* [Work task] In the listing below, the lines starting with the line with "بادية تقديم معدن،" and going on through the line with "감자, 마늘, 소금, 후추, 파슬리, 버터, 키친타올" are to be reproduced exactly, and only those.

* [Material provided]
----
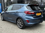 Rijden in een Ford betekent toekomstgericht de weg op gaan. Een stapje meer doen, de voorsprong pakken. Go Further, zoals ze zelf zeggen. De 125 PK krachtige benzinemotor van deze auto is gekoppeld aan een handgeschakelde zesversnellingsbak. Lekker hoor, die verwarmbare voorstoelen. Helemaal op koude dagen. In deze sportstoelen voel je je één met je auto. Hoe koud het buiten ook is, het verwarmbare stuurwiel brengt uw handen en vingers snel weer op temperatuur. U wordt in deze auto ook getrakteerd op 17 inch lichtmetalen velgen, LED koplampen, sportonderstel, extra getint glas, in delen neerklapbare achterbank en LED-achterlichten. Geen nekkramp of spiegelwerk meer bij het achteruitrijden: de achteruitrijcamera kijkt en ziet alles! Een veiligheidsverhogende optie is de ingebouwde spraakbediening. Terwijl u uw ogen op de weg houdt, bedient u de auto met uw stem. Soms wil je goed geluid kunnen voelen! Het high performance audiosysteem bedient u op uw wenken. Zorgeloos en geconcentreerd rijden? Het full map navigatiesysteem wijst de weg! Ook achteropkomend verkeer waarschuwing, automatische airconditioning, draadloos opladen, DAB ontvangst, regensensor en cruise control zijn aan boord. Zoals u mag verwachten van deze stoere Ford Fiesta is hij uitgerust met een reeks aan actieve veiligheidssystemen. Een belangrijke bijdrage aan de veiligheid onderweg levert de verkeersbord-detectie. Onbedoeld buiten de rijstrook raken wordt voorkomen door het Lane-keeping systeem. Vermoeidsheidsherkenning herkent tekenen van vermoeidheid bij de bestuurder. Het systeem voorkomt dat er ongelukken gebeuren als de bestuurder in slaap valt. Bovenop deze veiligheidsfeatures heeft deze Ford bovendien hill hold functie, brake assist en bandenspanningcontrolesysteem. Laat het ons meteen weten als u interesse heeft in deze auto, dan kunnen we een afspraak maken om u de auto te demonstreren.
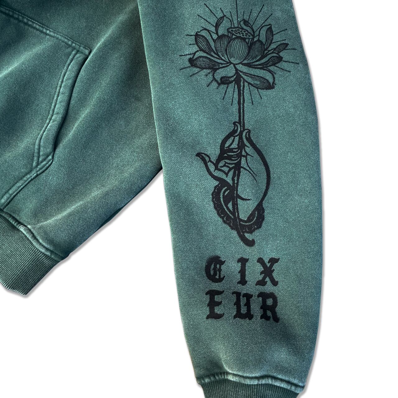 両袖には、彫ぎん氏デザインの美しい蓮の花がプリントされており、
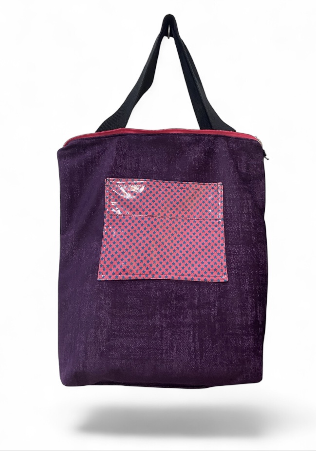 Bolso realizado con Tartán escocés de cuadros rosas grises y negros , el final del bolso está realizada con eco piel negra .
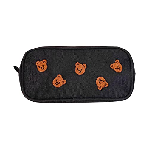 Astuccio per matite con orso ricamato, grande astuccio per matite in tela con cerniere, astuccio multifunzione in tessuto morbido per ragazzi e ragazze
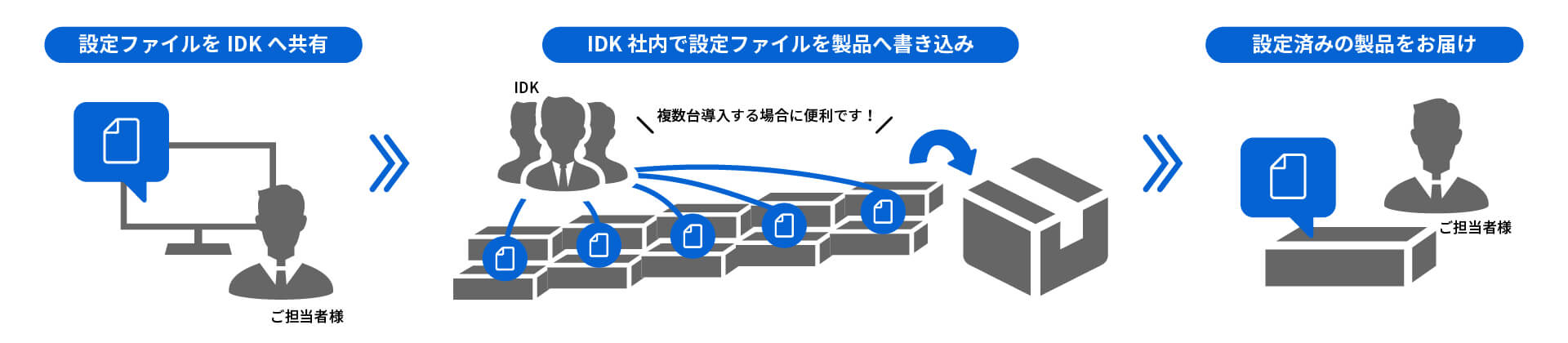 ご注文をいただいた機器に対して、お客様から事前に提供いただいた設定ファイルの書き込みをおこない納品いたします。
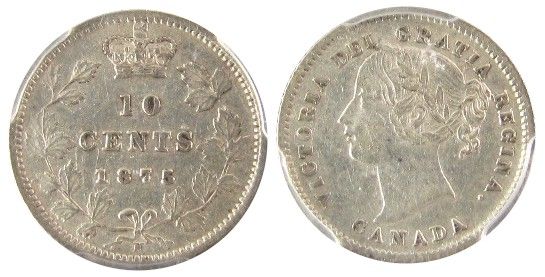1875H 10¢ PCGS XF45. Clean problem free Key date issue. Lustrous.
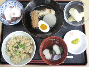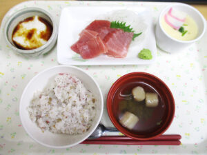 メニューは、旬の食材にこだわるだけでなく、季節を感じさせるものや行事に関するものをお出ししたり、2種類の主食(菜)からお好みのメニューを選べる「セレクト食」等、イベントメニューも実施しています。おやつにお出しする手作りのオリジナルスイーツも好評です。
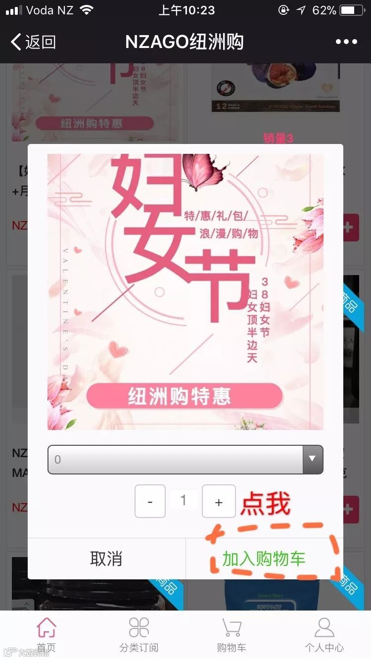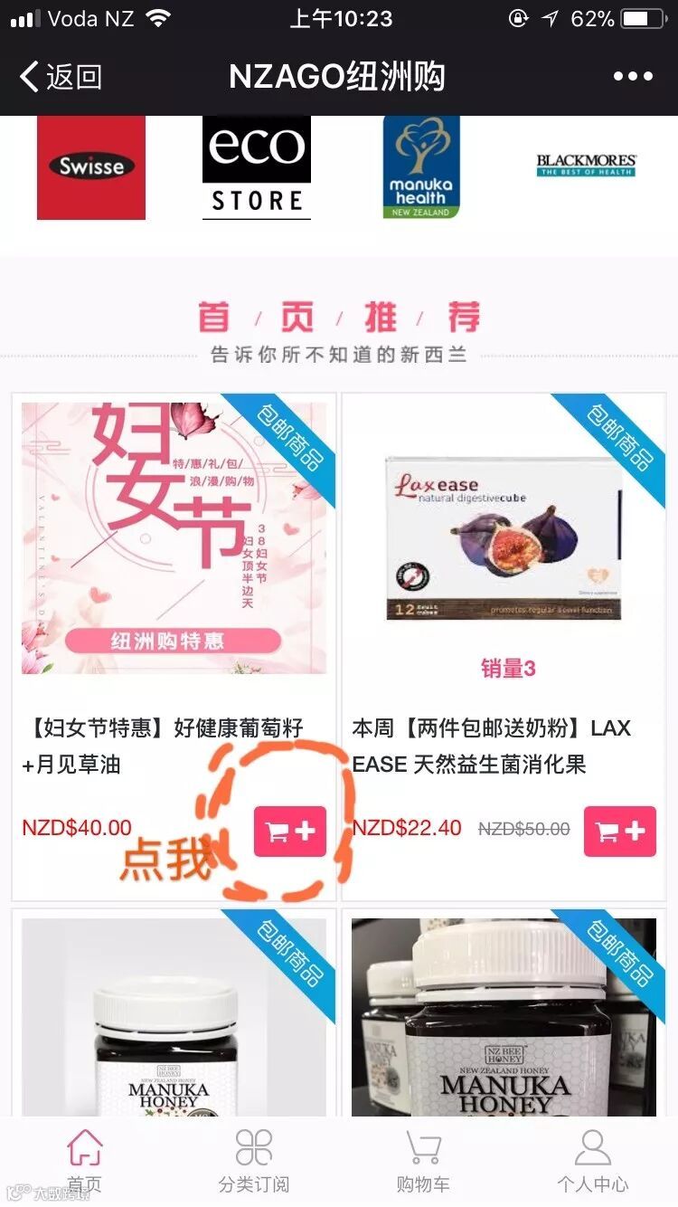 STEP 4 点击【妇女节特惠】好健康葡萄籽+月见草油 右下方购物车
----
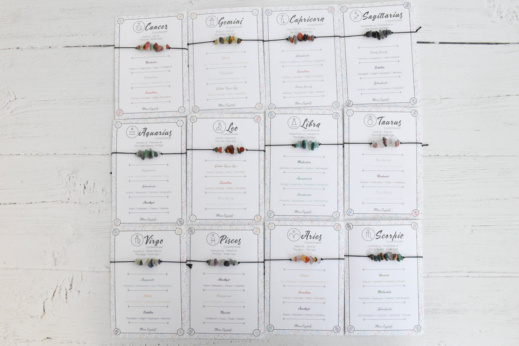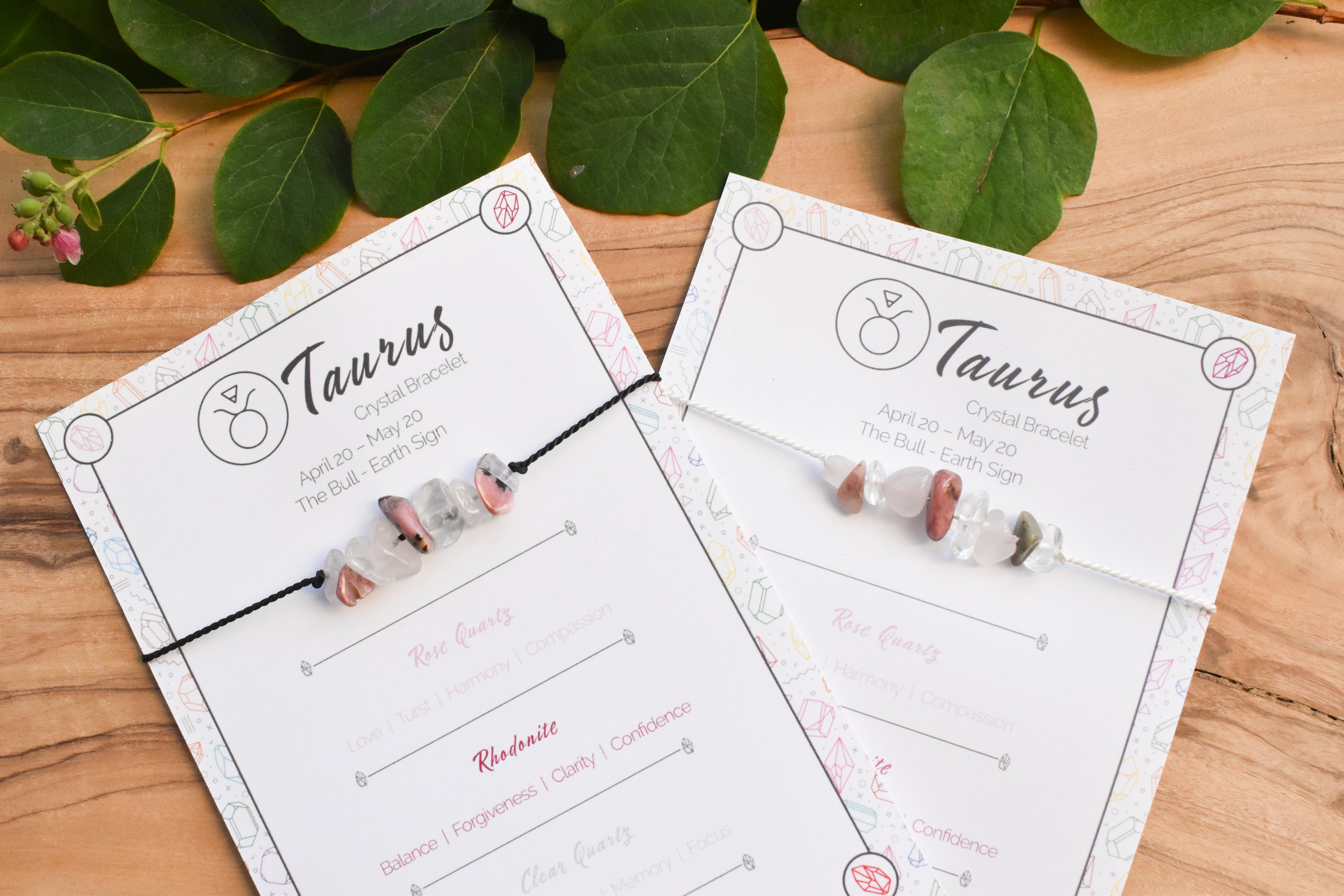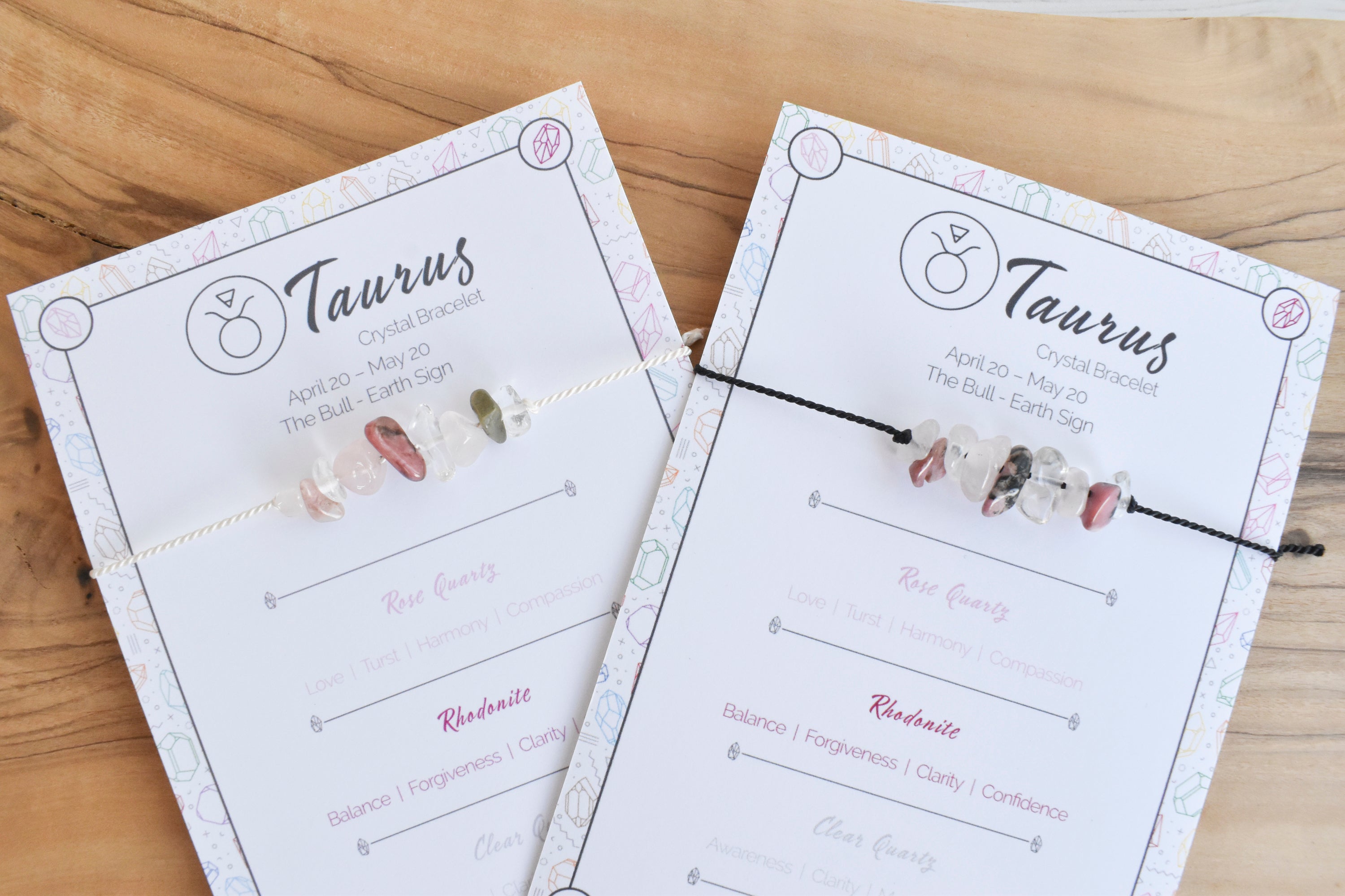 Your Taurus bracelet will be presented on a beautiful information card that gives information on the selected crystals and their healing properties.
----
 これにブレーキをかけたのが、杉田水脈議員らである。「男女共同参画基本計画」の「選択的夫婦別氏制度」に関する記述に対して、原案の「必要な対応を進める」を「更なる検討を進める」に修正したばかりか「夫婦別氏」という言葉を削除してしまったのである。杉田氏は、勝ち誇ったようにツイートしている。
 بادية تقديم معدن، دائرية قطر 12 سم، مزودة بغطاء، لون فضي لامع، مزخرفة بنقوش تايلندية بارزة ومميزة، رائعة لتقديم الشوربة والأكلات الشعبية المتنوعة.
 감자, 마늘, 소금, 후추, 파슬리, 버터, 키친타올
----
* [Solution for this problem]
 بادية تقديم معدن، دائرية قطر 12 سم، مزودة بغطاء، لون فضي لامع، مزخرفة بنقوش تايلندية بارزة ومميزة، رائعة لتقديم الشوربة والأكلات الشعبية المتنوعة.
 감자, 마늘, 소금, 후추, 파슬리, 버터, 키친타올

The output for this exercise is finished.